Führungsstil auf indisch

In den letzten Monaten konnte ich durch mein berufliches Engagement in Indien extrem viel lernen, was Firmenkultur und -kommunikation sowie Zusammenarbeit und Führungsstil betrifft
. Meine Beobachtungen sind natürlich subjektiv, ich möchte sie aber trotzdem an dieser Stelle teilen.

Vorgesetzte in Indien zeichnen sich durch folgende Charaktereigenschaften aus:

  • Autoritär: Führungskräfte demonstrieren stets ihre Macht und ihren Status. Oft führen sie ihr Team wie ein Patriarch seinen Clan – autokratisch wie ein Pate. Er/Sie genießt uneingeschränkten Respekt seiner ergebenen Anhänger. Hart aber herzlich.
  • Empathisch: Trotz der großen Machtdistanz entwickeln Vorgesetzte Vater- bzw. Muttergefühle für ihre MitarbeiterInnen. Es wird eine sehr persönliche oft auch familiäre Beziehung gepflegt – wobei aber die Autorität nie in Frage gestellt wird. Also familiär, aber nicht amikal; kooperativ, aber nicht auf Augenhöhe.
  • Fachlich kompetent: In Ausbildung und Kompetenz können die Mitarbeiter ihren Vorgesetzten quasi nie das Wasser reichen. Entweder hatten sie nicht die gleichen Voraussetzungen bei Bildung oder sie sind noch so jung, dass sie erst durch Erfahrung wachsen müssen.
  • Dynamisch bis chaotisch: Entscheidungen werden oft aus dem Buch heraus getroffen. Taktik und kurzfristige Aktionen und Reaktionen sind wichtiger als langfristige strategische Planung. Was gestern galt, ist heute anders, um die Entscheidungen morgen doch nochmal zu revidieren.
  • Fordernd: Manager bzw. Firmen-Eigentümer verlangen ihren Mitarbeitern eine Menge ab. Leistung ist gefordert – mit Zuckerbrot und Peitsche!

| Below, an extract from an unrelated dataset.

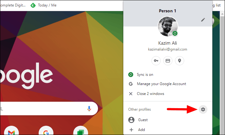 The Chrome profile menu will open up. Next, click on the ‘Settings’ icon next to the ‘Other profiles’ label.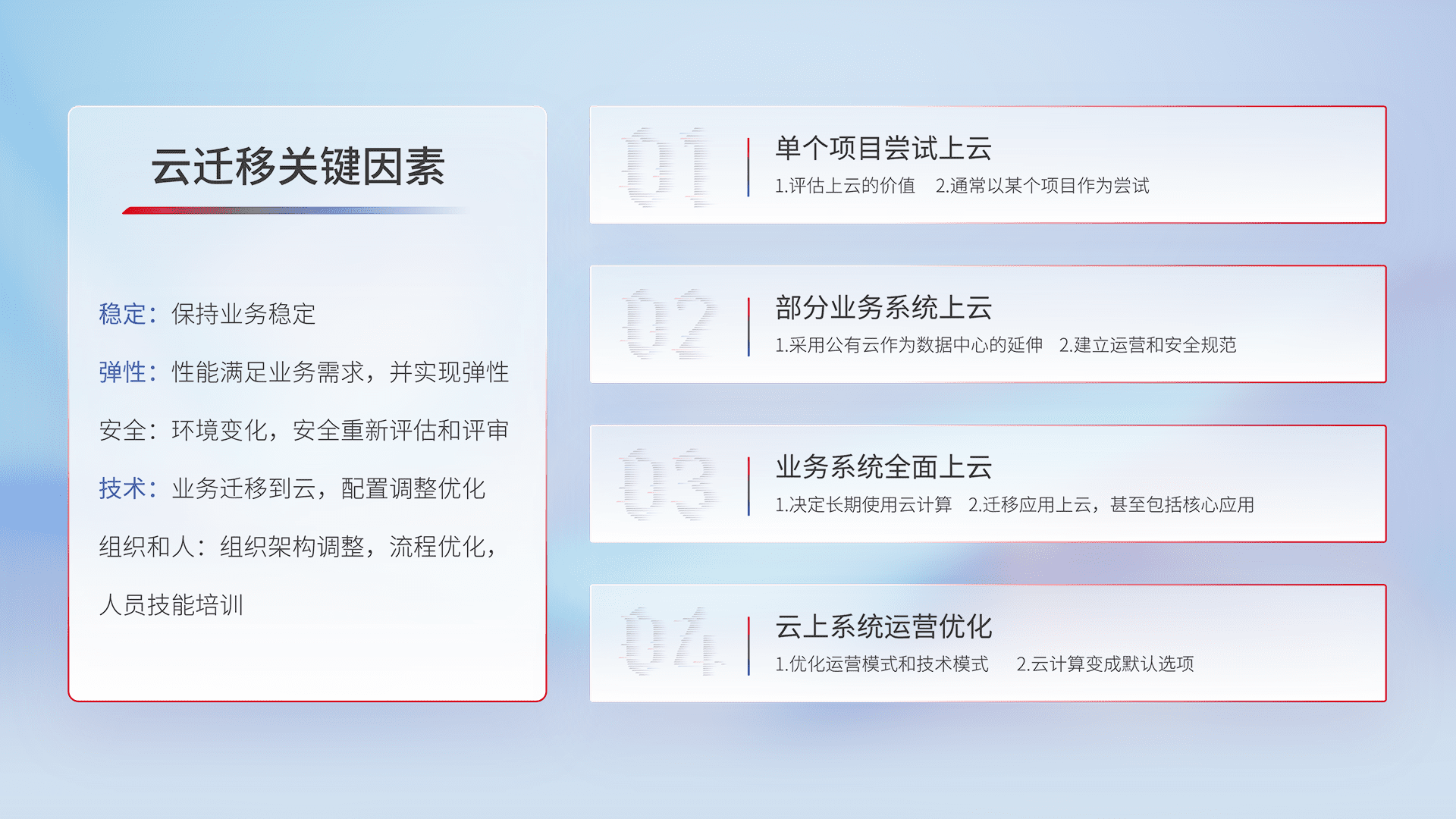 结合实际业务,,从规划设计、、、云平台选型、、、、云原生改造、、数据迁移、、集成交付,,,迁移全过程为客户识别最佳上云路径,,做好风险识别管理,,,设计网络架构、、、身份权限、、、安全审计合规、、、、操作审计、、、、日志审计、、监控告警策略、、、、多站点容灾设计等,,,对云上基础设施进行整体规划,,,,提升IT治理水平,,以满足弹性、、、、高可用、、、、高性能的需求。。。

  • Vernetzt: Netzwerken ist in Indien alles. Das Netzwerk der Familie, Kaste, Community, College, Clubs und Vereine ist von entscheidender Bedeutung für den Geschäftserfolg. Dieses wird täglich benutzt aber auch gepflegt.

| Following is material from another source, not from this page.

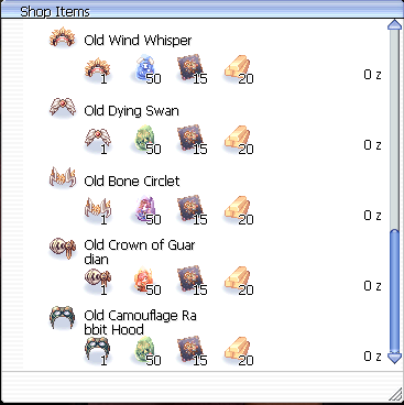 <table data-full-width="true"><thead><tr><th width="176">Name</th><th width="800">Info</th></tr></thead><tbody><tr><td><img src="https://2411723323-files.gitbook.io/~/files/v0/b/gitbook-x-prod.appspot.com/o/spaces%2FHBSxyfzOogaSBz4mhKSv%2Fuploads%2FKDhPOP4uJBoP8twz2yZ1%2Fimage.png?alt=media&#x26;token=f6865ca2-d048-44ba-8569-524d05ebed7a" alt="" data-size="original"> Old Rune Circlet [1]</td><td><p>Damage taken from DemiHuman monsters and Human Player - 5%, HP+15%</p><p>Damage dealt by Bowling Bash +5% <br>Damage dealt by Spiral Pierce +5%<br></p><p>When the refinement value is 7 or higher, additional damage taken from DemiHuman monsters and Human Player - 5% <br>Damage dealt by Bowling Bash +5% <br>Damage dealt by Spiral Pierce +5%<br></p><p>When the refinement value is 9 or higher <br>Damage dealt by Bowling Bash +5% <br>Damage dealt by Spiral Pierce  +5%<br></p><p>When the refinement value is 10 Attack speed + 1% for each increase in refinement value of [Old Rune Circlet]<br></p><p>[Grade Bonus] <br>[Grade D] hp+3% per 2 refines <br>[Grade C] Str+1 per 2 refines <br>[Grade B] ATK +5 per 2 refines <br>[Grade A] damage to all size 2% and hp+1% per 2 refines</p></td></tr><tr><td><img src="https://2411723323-files.gitbook.io/~/files/v0/b/gitbook-x-prod.appspot.com/o/spaces%2FHBSxyfzOogaSBz4mhKSv%2Fuploads%2FX5FpYfKBZjfxOf5rZHS4%2Fimage.png?alt=media&#x26;token=aa6525f1-3569-4f98-b5cb-d1c6c0375589" alt="" data-size="original"> Old Crown of Guardian [1]</td><td><p>Damage taken from DemiHuman monsters and Human Player - 5%, HP+15%</p><p>Damage dealt by Sacrifice +5% <br>Damage dealt by Grand Cross +5%<br></p><p>When the refinement value is 7 or higher, additional damage taken from DemiHuman monsters and Human Player - 5% <br>Damage dealt by Sacrifice +5% <br>Damage dealt by Grand Cross +5%<br></p><p>When the refinement value is 9 or higher, <br>Damage dealt by Sacrifice +5% <br>Damage dealt by Grand Cross +5%<br></p><p>When the refinement value is 10 Attack speed + 1% for each increase in refinement value of [Old Crown of Guardian]<br></p><p>[Grade Bonus] <br>[Grade D] hp+3% per 2 refines <br>[Grade C] Vit+1 per 2 refines <br>[Grade B] ATK +5 per 2 refines <br>[Grade A] damage to all size 2% and hp+1% per 2 refines</p></td></tr><tr><td><img src="https://2411723323-files.gitbook.io/~/files/v0/b/gitbook-x-prod.appspot.com/o/spaces%2FHBSxyfzOogaSBz4mhKSv%2Fuploads%2Fq85MrTnKSeTJ31EHZWi5%2Fimage.png?alt=media&#x26;token=cc30ced1-1c69-4a38-8086-e473a2dab55a" alt="" data-size="original"> Old Mitra [1]</td><td><p>Damage taken from DemiHuman monsters and Human Player - 5%, HP+15%</p><p>Damage dealt by Magnus Exorcismus +5% <br>Damage dealt by Holy Light +10%<br></p><p>When the refinement value is 7 or higher, additional damage taken from DemiHuman monsters and Human Player - 5% <br>Damage dealt by Magnus Exorcismus +5% <br>Damage dealt by Holy Light +10%</p><p><br>When the refinement value is 9 or higher, <br>Damage dealt by Magnus Exorcismus +5% Damage dealt by Holy Light +10%<br></p><p>When the refinement value is 10 Delay after cast - 1% for each increase in refinement value of [Old Mitra]<br></p><p>[Grade Bonus] <br>[Grade D] hp+3% per 2 refines <br>[Grade C] Int+1 per 2 refines <br>[Grade B] MATK +5 per 2 refines <br>[Grade A] damage to all size 2% and hp+1% per 2 refines</p></td></tr><tr><td><img src="https://2411723323-files.gitbook.io/~/files/v0/b/gitbook-x-prod.appspot.com/o/spaces%2FHBSxyfzOogaSBz4mhKSv%2Fuploads%2F8l7ldMzr87JX5Yq8iVXC%2Fimage.png?alt=media&#x26;token=ec7b192e-d892-4907-af20-ac45e084ebba" alt="" data-size="original"> Old Blazing Soul [1]</td><td><p>Damage taken from DemiHuman monsters and Human Player - 5%, HP+15%</p><p>Asura Strike Cast time -5% <br>Damage dealt by Chain Crush Combo +5%<br></p><p>When the refinement value is 7 or higher, additional damage taken from DemiHuman monsters and Human Player - 5% <br>Asura Strike Cast time -5% <br>Damage dealt by Chain Crush Combo +5%<br></p><p>When the refinement value is 9 or higher, <br>Asura Strike Cast time -5% <br>Damage dealt by Chain Crush Combo +5%<br></p><p>When the refinement value is 10 Attack speed + 1% for each increase in refinement value of [Old Blazing Soul]<br></p><p>[Grade Bonus] <br>[Grade D] hp+3% per 2 refines <br>[Grade C] Str+1 per 2 refines <br>[Grade B] ATK +5 per 2 refines <br>[Grade A] damage to all size 2% and hp+1% per 2 refines</p></td></tr><tr><td><img src="https://2411723323-files.gitbook.io/~/files/v0/b/gitbook-x-prod.appspot.com/o/spaces%2FHBSxyfzOogaSBz4mhKSv%2Fuploads%2FcgTpiD5bkJpdZbyndUDg%2Fimage.png?alt=media&#x26;token=f7eb4a6b-53c5-4db5-a57d-195d639beca0" alt="" data-size="original"> Old Driver Band [1]</td><td><p>Damage taken from DemiHuman monsters and Human Player -5%, HP+15%</p><p>Damage dealt by Mammonite +5% Damage dealt by Cart Termination +5%<br></p><p>When the refinement value is 7 or higher, additional damage taken from DemiHuman monsters and Human Player -5% <br>Damage dealt by Mammonite +5%<br> Damage dealt by Cart Termination +5%<br></p><p>When the refinement value is 9 or higher, <br>Damage dealt by Mammonite +5% <br>Damage dealt by Cart Termination +5%<br></p><p>When the refinement value is 10 Attack speed + 1% for each increase in refinement value of [Old driver band]<br></p><p>[Grade Bonus] <br>[Grade D] hp+3% per 2 refines <br>[Grade C] Str+1 per 2 refines <br>[Grade B] ATK +5 per 2 refines <br>[Grade A] damage to all size 2% and hp+1% per 2 refines</p></td></tr><tr><td><img src="https://2411723323-files.gitbook.io/~/files/v0/b/gitbook-x-prod.appspot.com/o/spaces%2FHBSxyfzOogaSBz4mhKSv%2Fuploads%2F0dSbLw3LfHDg08ezZ5rU%2Fimage.png?alt=media&#x26;token=33ee6111-21fa-4150-a521-c3580a0d0adf" alt="" data-size="original"> Old Midas Whisper [1]</td><td><p>Damage taken from DemiHuman monsters and Human Player - 5%, HP+15%</p><p>Acid Demonstration Cast time -5% Damage dealt by Acid Demonstration +5%<br></p><p>When the refinement value is 7 or higher, additional damage taken from

  • Mündlich: Indien ist eine „orale“ Kultur, schriftliche Dokumentation spielt kaum eine Rolle. Die Kommunikation läuft direkt, persönlich und mündlich. Mit allen Interpretationspielräumen im Nachhinein.

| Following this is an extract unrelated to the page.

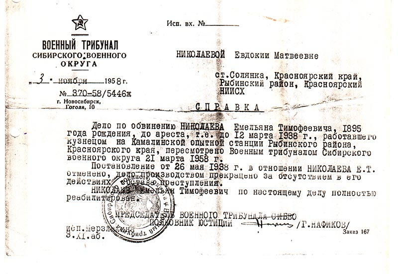Николаев Емельян Тимофеевич по настоящему делу полностью реабилитирован.

  • Delegierend: Outsourcing ist alles. Vieles wird delegiert, auch wenn man es alleine schneller und besser gemacht hätte.

  • Familiär: Vor allem Unternehmen beziehen ihre gesamte Familie in das Geschäftsleben mit ein. Insbesondere die Eltern spielen eine wichtige Rolle, auch wenn sie schon lange offiziell nicht mehr in der Firma sind.

  • Und oft auch etwas abergläubisch. Religiöse Riten und spezielle Tage werden strikt eingehalten um die Götter für den Geschäftserfolg gnädig zu stimmen.